How long should your car finance term be?
There’s no one-size-fits-all answer to how long a car finance agreement should be. It depends on your financial situation, how long you plan to keep the car, and your priorities when it comes to affordability and total cost.
Like everything, there are pros and cons to consider. So to help you make an informed decision and choose the best deal you’re eligible for, we’ve highlighted some key considerations.
How long is a car loan typically?
Car finance agreements in the UK can last between 24 and 60 months (two to five years). The length of your contract will depend on the type of finance you choose and what works best for your budget.
The length of your loan will also determine how much you pay each month, and the total cost of borrowing after factoring in interest. That’s why it’s important to always check the total cost of the loan, including interest and any additional fees, before agreeing to a finance deal.
It’s also important to compare the APRs (Annual Percentage Rates) for different finance terms, as the APR will affect the overall cost of the loan.
Factors to consider when choosing a car loan length
When deciding how long your car finance contract should be, you may want to consider the following factors:
Monthly affordability
One major factor to consider is how much you can afford to pay each month. A longer term usually means lower monthly repayments, while a shorter term means higher monthly payments. It’s important to choose a loan length that fits comfortably within your monthly budget and other financial commitments. Make sure to consider all costs of ownership, such as insurance, maintenance, and taxes, in addition to your monthly repayments.
Total interest paid
Another big factor is interest. Typically, the longer the term, the more interest you’ll pay over time. Even though a longer term might be more affordable each month, you could end up paying significantly more in total compared to a shorter term loan.
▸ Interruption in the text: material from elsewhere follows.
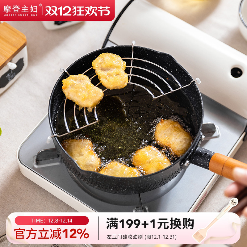 摩登主妇日式天妇罗油炸锅煎锅不粘锅省油专用家用小油炸锅平底锅

Depreciation and negative equity
Depreciation is how much a car loses value over time. Most cars lose value quickly, especially in the first few years. If you choose a longer finance term, it’s more likely that your car will be worth less than what you owe. This is called negative equity. Shorter loan terms could mean you're less likely to face negative equity. You pay off the loan faster, which keeps your balance closer to the car’s real value.
This is especially important with a PCP car loan as the final balloon payment (the lump sum if you want to own the car) is based on the car’s predicted value at the end of the term, but it's also a risk with any form of car finance, so be sure to factor this into your decision.
Future financial plans
It’s really important to think long term. Consider how long you’re comfortable making repayments. If your circumstances change – such as a new job, or starting a family – your finance deal still needs to fit in your budget. You might not want to lock into an agreement that you can’t commit to long-term.
How long you plan to keep the car
If you like changing cars every few years, a shorter PCP deal or lease might be best, so you’re not stuck with a car you don’t want for a long time before giving it back. But if you plan to keep the car long-term, a longer HP loan (where you own the car at the end) could make more sense.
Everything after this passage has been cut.